The company commented that “as peak inflation moderates and supply disruptions dissipate, we expect our rate of growth to continue settling back towards a long-term average of 14% p.a. This growth rate is underpinned by increasing road freight volumes and vehicle complexity, and market share gains.”

This does imply growth will moderate from here. However, given I am a long term investor in Supply Network I do not plan to try to adjust the position. My intention would be to just let it compound as long as it is growing at a high returns on equity and the balance sheet remains healthy.

I note that the remuneration calculates based “total shareholder return, return on average equity, return on investment and other business objectives.” I note that the CEO was paid about $1m including performance pay, in what has been a very successful year.
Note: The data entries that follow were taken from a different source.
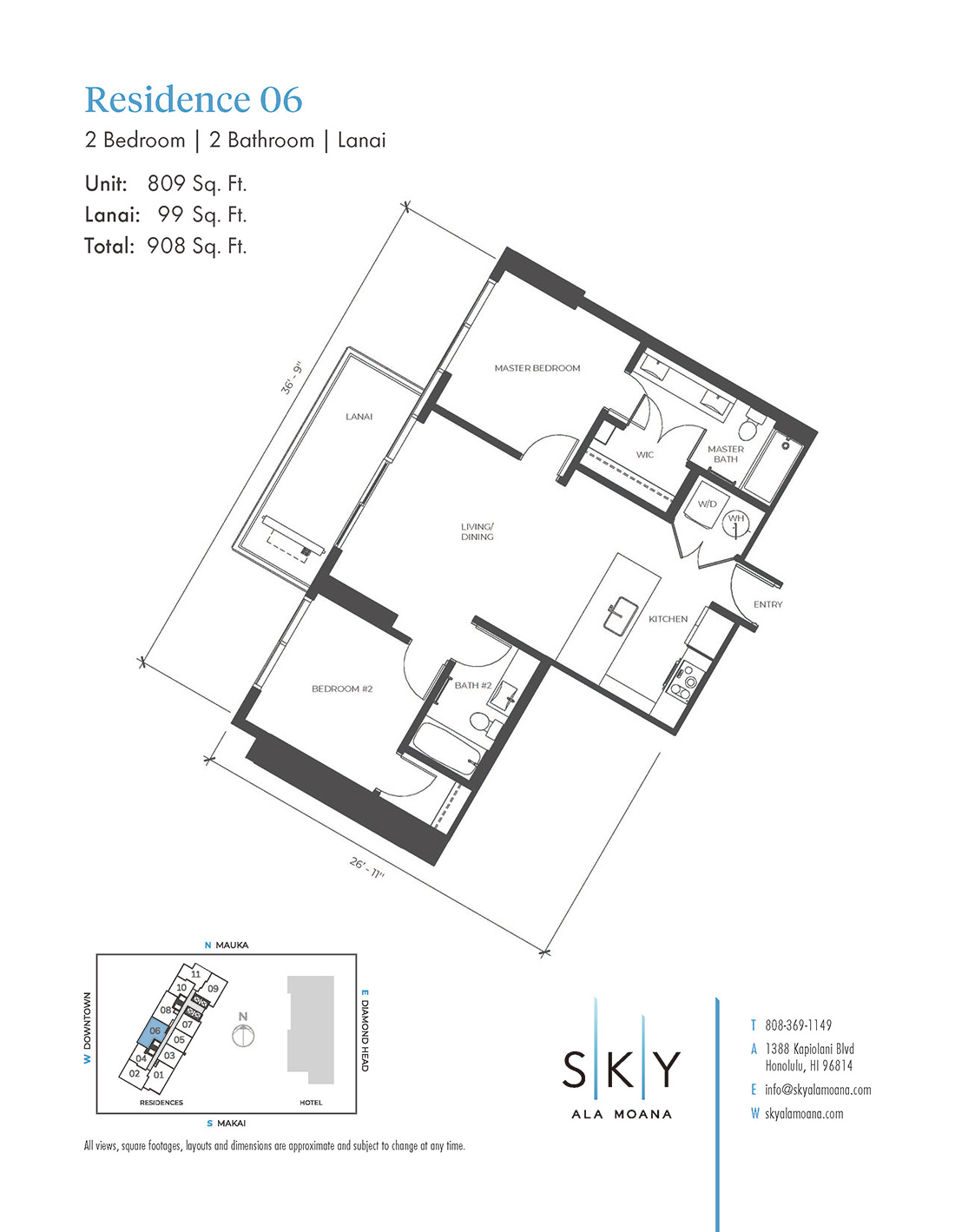 웨스트 타워는 일반 콘도미니엄(384세대), 이스트 타워는 호텔 콘도미니엄(383세대)로 이루어져 있습니다. 호텔 콘도 유닛은 메리어트(Marriott)가 운영하는 렌탈 프로그램에 참여할 수 있어 단기 임대 운영을 원하는 투자자에게도 적합한 선택지입니다. 본 단지는 재개발이 활발한 카카아코 지역과 와이키키 리조트 지역의 중간 지점에 위치해 있으며, 알라모아나 쇼핑센터가 바로 앞에 위치해 있어 건물 산쪽에는 월마트, 도보 거리에는 돈키호테, 푸드랜드(현지 식재료 마켓) 등이 있어 거주용으로도, 단기 체류용으로도 매우 실용적인 위치입니다.” |
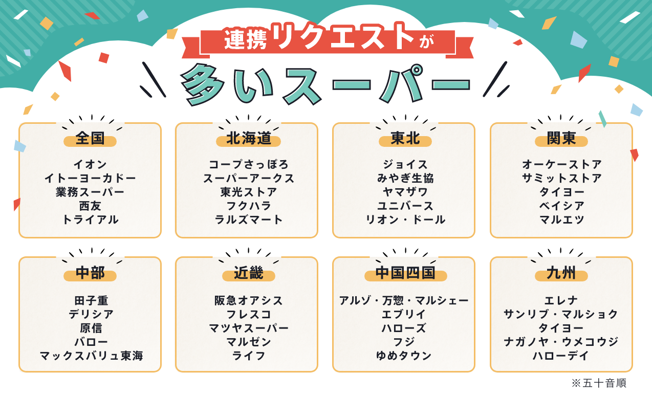 - SIRU+への連携リクエストが多いスーパーをエリア別に公開
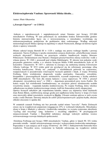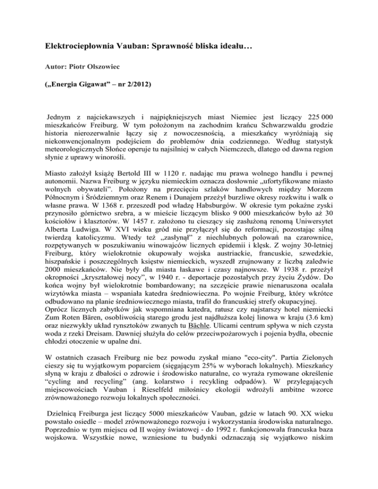 Elektrociepłownia Vauban: Sprawność bliska ideału… Autor: Piotr Olszowiec („Energia Gigawat” – nr 2/2012) Jednym z najciekawszych i najpiękniejszych miast Niemiec jest liczący 225 000 mieszkańców Freiburg. W tym położonym na zachodnim krańcu Schwarzwaldu grodzie historia nierozerwalnie łączy się z nowoczesnością, a mieszkańcy wyróżniają się niekonwencjonalnym podejściem do problemów dnia codziennego. Według statystyk meteorologicznych Słońce operuje tu najsilniej w całych Niemczech, dlatego od dawna region słynie z uprawy winorośli. Miasto założył książę Bertold III w 1120 r. nadając mu prawa wolnego handlu i pewnej autonomii. Nazwa Freiburg w języku niemieckim oznacza dosłownie „ufortyfikowane miasto wolnych obywateli”. Położony na przecięciu szlaków handlowych między Morzem Północnym i Śródziemnym oraz Renem i Dunajem przeżył burzliwe okresy rozkwitu i walk o własne prawa. W 1368 r. przeszedł pod władzę Habsburgów. W okresie tym pokaźne zyski przynosiło górnictwo srebra, a w mieście liczącym blisko 9 000 mieszkańców było aż 30 kościołów i klasztorów. W 1457 r. założono tu cieszący się zasłużoną renomą Uniwersytet Alberta Ludwiga. W XVI wieku gród nie przyłączył się do reformacji, pozostając silną twierdzą katolicyzmu. Wtedy też „zasłynął” z niechlubnych polowań na czarownice, rozpętywanych w poszukiwaniu winowajców licznych epidemii i klęsk. Z wojny 30-letniej Freiburg, który wielokrotnie okupowały wojska austriackie, francuskie, szwedzkie, hiszpańskie i poszczególnych księstw niemieckich, wyszedł zrujnowany z liczbą zaledwie 2000 mieszkańców. Nie były dla miasta łaskawe i czasy najnowsze. W 1938 r. przeżył okropności „kryształowej nocy”, w 1940 r. - deportacje pozostałych przy życiu Żydów. Do końca wojny był wielokrotnie bombardowany; na szczęście prawie nienaruszona ocalała wizytówka miasta – wspaniała katedra średniowieczna. Po wojnie Freiburg, który wkrótce odbudowano na planie średniowiecznego miasta, trafił do francuskiej strefy okupacyjnej. Oprócz licznych zabytków jak wspomniana katedra, ratusz czy najstarszy hotel niemiecki Zum Roten Bären, osobliwością starego grodu jest najdłuższa kolej linowa w kraju (3.6 km) oraz niezwykły układ rynsztoków zwanych tu Bächle. Ulicami centrum spływa w nich czysta woda z rzeki Dreisam. Dawniej służyła do celów przeciwpożarowych i pojenia bydła, obecnie chłodzi otoczenie w upalne dni. W ostatnich czasach Freiburg nie bez powodu zyskał miano "eco-city". Partia Zielonych cieszy się tu wyjątkowym poparciem (sięgającym 25% w wyborach lokalnych). Mieszkańcy słyną w kraju z dbałości o zdrowie i środowisko naturalne, co wyraża rymowane określenie “cycling and recycling” (ang. kolarstwo i recykling odpadów). W przylegających miejscowościach Vauban i Rieselfeld miłośnicy ekologii wdrożyli ambitne wzorce zrównoważonego rozwoju lokalnych społeczności. Dzielnicą Freiburga jest liczący 5000 mieszkańców Vauban, gdzie w latach 90. XX wieku powstało osiedle – model zrównoważonego rozwoju i wykorzystania środowiska naturalnego. Poprzednio w tym miejscu od II wojny światowej - do 1992 r. funkcjonowała francuska baza wojskowa. Wszystkie nowe, wzniesione tu budynki odznaczają się wyjątkowo niskim zużyciem energii. Część z nich posiada własne źródła ciepła i elektryczności pracujące w skojarzeniu i opalane biomasą. Inne domy wyposażono w kolektory słoneczne lub panele fotowoltaiczne. W Vauban funkcjonuje pierwsze w świecie osiedle, w którym urzeczywistniono koncepcję PlusEnergy. Zakłada ona dodatni bilans energetyczny poszczególnych domów tj. nadwyżkę wytwarzanej energii nad pobieraną z zewnątrz. Drugim jej celem jest wyeliminowanie emisji zanieczyszczeń i dwutlenku węgla. W zbudowanych w latach 2000-2005 budynkach uzyskuje się średnio 4000 EUR zysku ze sprzedanej czystej energii elektrycznej. Użytkownicy domowych instalacji słonecznych podkreślają, że dodatni bilans energetyczny ich gospodarstw nie odbywa się bynajmniej kosztem jakichkolwiek ograniczeń. Prekursorem tej idei był Rolf Disch, który w swojej rezydencji „Heliotrope” osiągnął w 1994 r. jako pierwszy nadwyżkę domowego bilansu energii. Tak korzystny efekt użytkownicy technologii PlusEnergy zawdzięczają nie tylko własnej generacji elektryczności i ciepła, lecz również ultraoszczędnym konstrukcjom budynków z wykorzystaniem okien o trzech szybach, nowoczesnych materiałów izolacyjnych itp. Troska o ekologię i oszczędność energii znalazły miejsce również w rozwiązaniach transportu i komunikacji miejskiej. W Vauban mieszkańcy poruszają się głównie pieszo lub na rowerach. Osiedle połączono z centrum Freiburga linią tramwajową przebiegającą wzdłuż większości zabudowań – dzięki temu prawie wszyscy mieszkają dość blisko od przystanku. Około 70% ludności nie używa na co dzień samochodów osobowych (!!!), przy czym odsetek ten wciąż wzrasta. Dzielnicę przenika gęsta sieć ścieżek rowerowych, zaś stosunkowo niewiele jest dróg dla pojazdów i miejsc parkingowych. Na wielu ulicach dopuszcza się przejazd samochodów, lecz bez dłuższego postoju. Do dyspozycji posiadaczy samochodów w Vaubam udostępniono wielopiętrowy parking na peryferiach miasta. W ostatnim czasie kolejnym powodem do dumy mieszkańców Vauban stała się supernowoczesna elektrociepłownia. W 2002 r. uruchomiono w tej dzielnicy kocioł opalany biomasą, wspomagany w szczycie zapotrzebowania przez dalsze dwa kotły gazowe i olejowe. Ze spalania odpadów drzewnych uzyskiwano 2.5 MWt, podobną wydajność cieplną miał każdy z dwóch pozostałych kotłów. Mini-generator parowy dostarczał dodatkowo 240 kWe. O ile instalacja biomasy spisywała się bez zarzutu, to silnik tłokowy napędzający prądnicę sprawiał sporo problemów. Dlatego eksploatuj
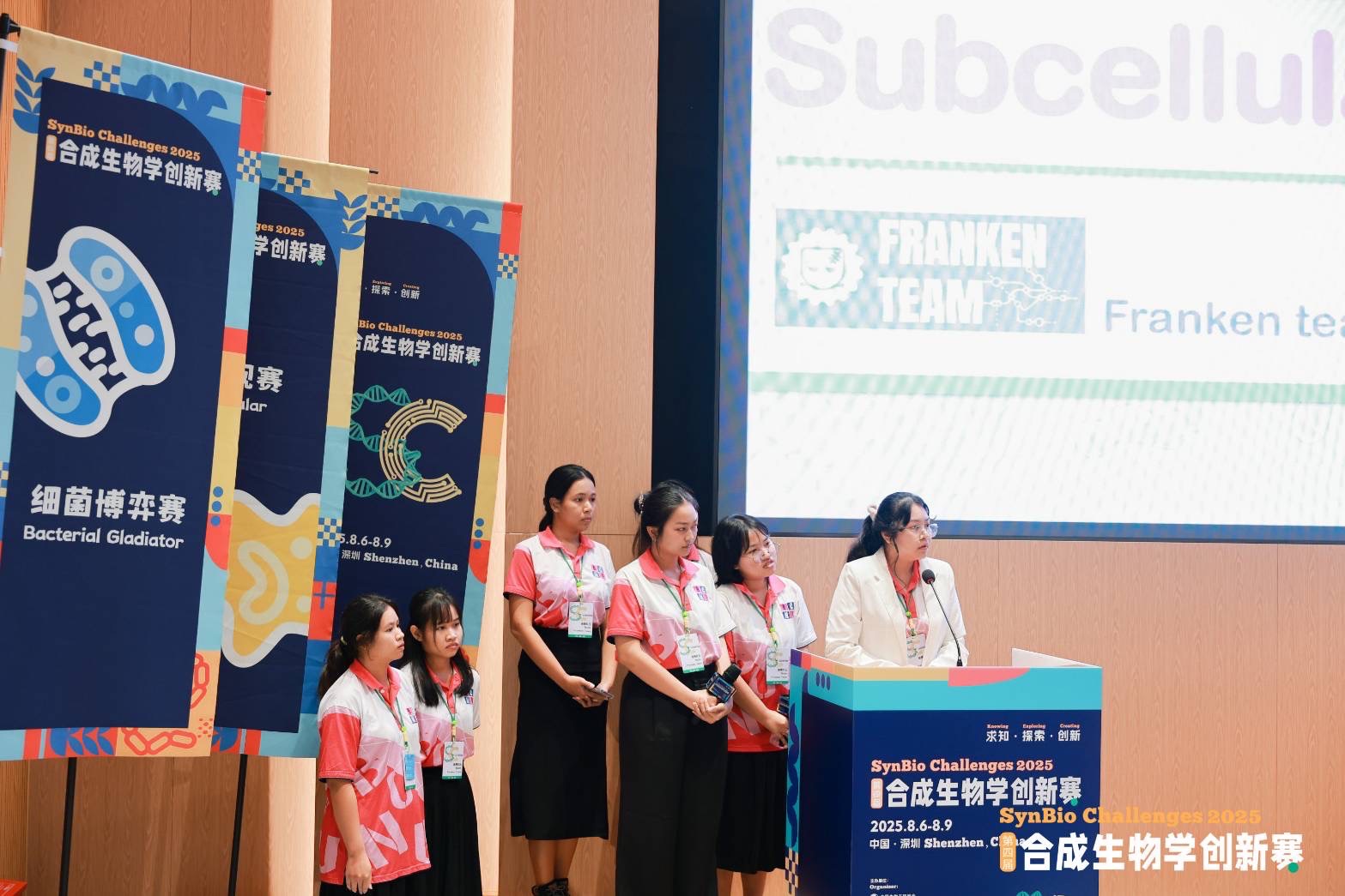 โดย Franken Team ได้นำเสนอผลงาน “Subcellular Symphony” ในสาย White Track (Biochemical Engineer) โดยมีแนวคิดแก้ปัญหาการเลี้ยงแบคทีเรียหลายชนิดพร้อมกัน ซึ่งปกติทำได้ยากเนื่องจากการแข่งขันแย่งทรัพยากรและสภาพการเจริญเติบโตต่างกัน ทีมได้พัฒนาเทคนิคการ สังเคราะห์โปรตีนแบบไร้เซลล์ (cell-free protein synthesis) โดยผสมส่วนประกอบสร้างโปรตีน (cell extracts) จากแบคทีเรีย 3 ชนิด คือ

This all seems very reasonable to shareholders. Therefore I would support the remuneration report.

In terms of expansion, the company says, “For FY2025 we have committed to one new purpose-built site in the fast-growing industrial precinct of outer-north Perth, which is expected to commence trading around 1st March 2025” and “We expect the expansion of our Truganina DC in Melbourne to be completed and operational around the end of this financial year.”

Longer term, the company says “We anticipate the addressable market will continue growing at 5% – 10% p.a. for at least a decade and market dynamics to continue providing opportunities for market share gains.”

In the Supply Network FY 2023 results, the company said:

“Current investments in our operating network and IT systems, previously reported as extending over FY2023 and FY2024, are now scheduled for completion in FY2025. The main elements of these investments revolve around an upgrade to the sales interface to our ERP system and its supporting server environment, with primary goals to deliver transaction efficiencies, better disaster recovery, and faster, more secure platforms.”

Unfortunately, and just as I had feared, the company now says:

“In our last report we commented on specific investments to upgrade our Enterprise Resource Planning system and its associated sales interface, server environment and business intelligence capability. This work is progressing well but with care and is now planned to conclude in the first half of FY2026. We have a rolling test process in place with our primary software provider, and the engagement and feedback sessions have been effective.”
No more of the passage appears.